Matthäus 9,20 – Warum man die Quasten anfassen muss
Es fällt ja schon auf – zumindest, wenn man eine genaue Bibelübersetzung wie die Elberfelder Bibel benutzt – dass die Leute, die geheilt werden wollten, immer die Quasten des Gewandes von Jesus anfassen wollten:
Mt 9,20
20 Und siehe, eine Frau, die zwölf Jahre blutflüssig war, trat von hinten heran und rührte die Quaste seines Gewandes an;
Mt 14,36
36 und sie baten ihn, dass sie nur die Quaste seines Gewandes anrühren dürften; und alle, die ihn anrührten, wurden völlig geheilt.
Mk 6,56
56 Und wo auch immer er in Dörfer oder Städte oder in Gehöfte hineinging, legten sie die Kranken auf den Marktplätzen hin und baten ihn, dass sie nur die Quaste seines Gewandes anrühren dürften; und alle, die ihn anrührten, wurden geheilt.
Warum haben die nicht den Ellenbogen von Jesus angefasst? Oder die Haare? Warum die Quasten?
Flügel
Das hebräische Wort für „Flügel“ und für „Quasten“ ist das Gleiche. Es heißt „kanaph“.
Sie können selber bei https://www.csv-bibel.de/strongs/h3671/2 nachschauen, dass dieses Wort im Alten Testament 74x mit „Flügel“ übersetzt wird, aber einige Male auch mit „Zipfel“, „Saum“, „Rockzipfel“.
Und nun gibt es eine Stelle über den Messias in Maleachi 3,20
20 Aber euch, die ihr meinen Namen fürchtet, wird die Sonne der Gerechtigkeit aufgehen, und Heilung ist unter ihren Flügeln. Und ihr werdet hinausgehen und umherspringen wie Mastkälber.
Möglicherweise ist Ihnen bekannt, dass die Sonne keine Flügel hat. Wenn man aber die „Sonne der Gerechtigkeit“, die da aufgehen soll, als den Messias versteht – was der Text ja hergibt – aber ach, der Messias hat ja auch keine Flügel.
Aber wenn er Quasten hat? Und wenn die Heilung nicht unter seinen Flügeln, sondern unter seinen Quasten ist?
Und so haben die Juden das damals geglaubt: Wenn der Messias kommt, dann ist Heilung an seinen Quasten. Und darum wollten die alle unbedingt die Quasten von Jesus anfassen und nicht seinen Ellenbogen.
Die Folgerung
Wenn Jesus also den Glauben der Frau mit dem Blutfluss lobt, dann lobt er ihr Vertrauen in den biblischen Text.
Naja.
Eher in die Auslegung. Denn es scheint ja eher unwahrscheinlich, dass Maleachi, als er den Text geschrieben hat, tatsächlich an die Quasten am unteren Rand des Mantels gedacht hat. Maleachi wollte vermutlich tatsächlich etwas über die Flügel der Sonne sagen. (Es gibt ja auch die „Flügel der Morgenröte“ in Ps 139,9, und Gott hat in den Psalmen des Öfteren ebenfalls Flügel. Das sind also poetische Flügel.)

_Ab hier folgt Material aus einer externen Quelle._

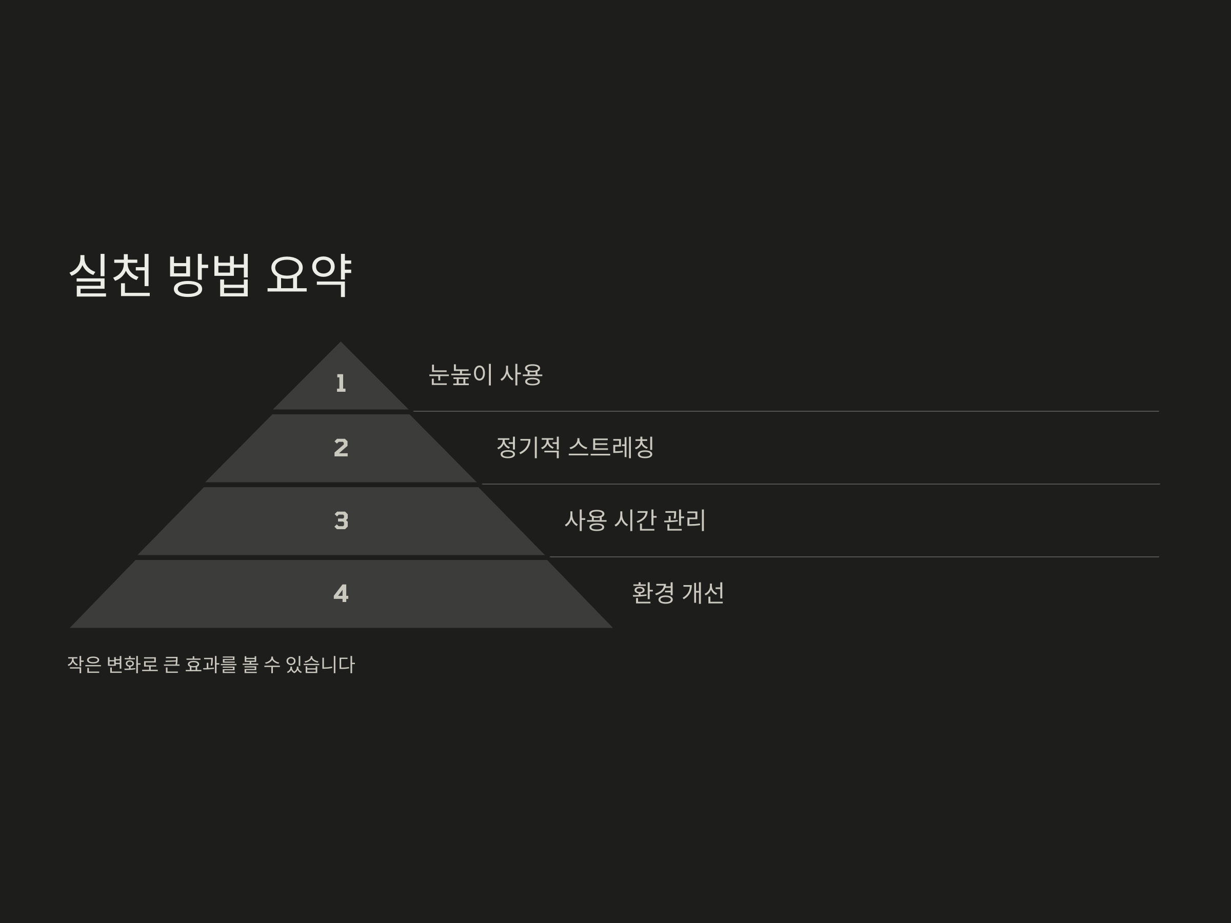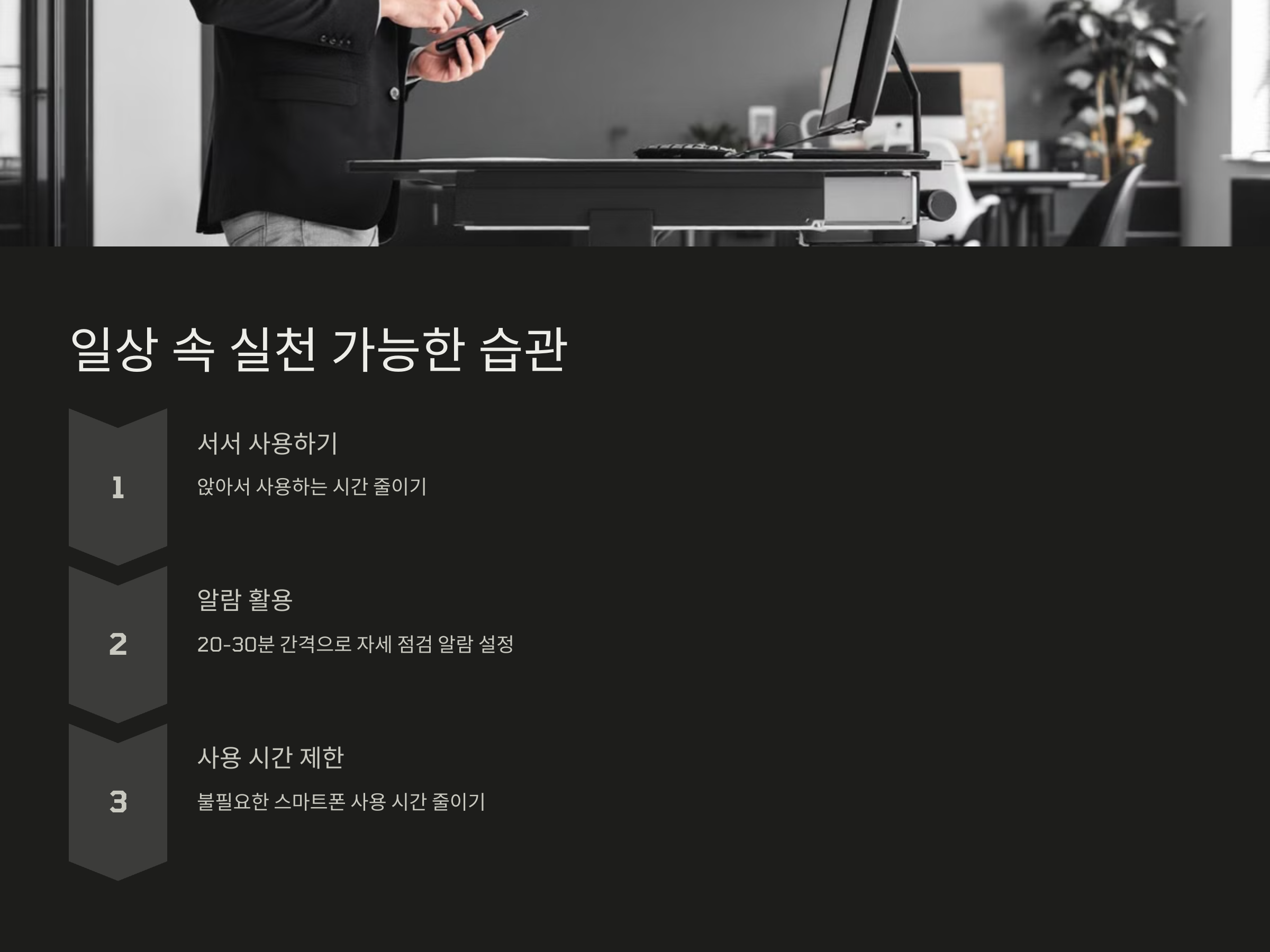 장시간 사용을 피하고 30분마다 자세를 확인하여 바르게 교정하세요. 필요하면 자리에서 일어나 간단한 스트레칭을 해주는 것이 좋습니다.

Die Frau glaubte an das damalige Verständnis des Bibeltextes. Und sie hat aufgrund dieses Bibeltextes gehandelt.
Und das ist Glaube, und das führt zu Segen.
Die anderen, die haben im Gedränge Jesus auch berührt.
Aber da können Sie noch so nah an Jesus dran stehen. Sie können Jesus wo auch immer berühren.
Wenn Sie es ohne diesen Glauben tun, wie ihn die kranke Frau hatte, bringt es nichts.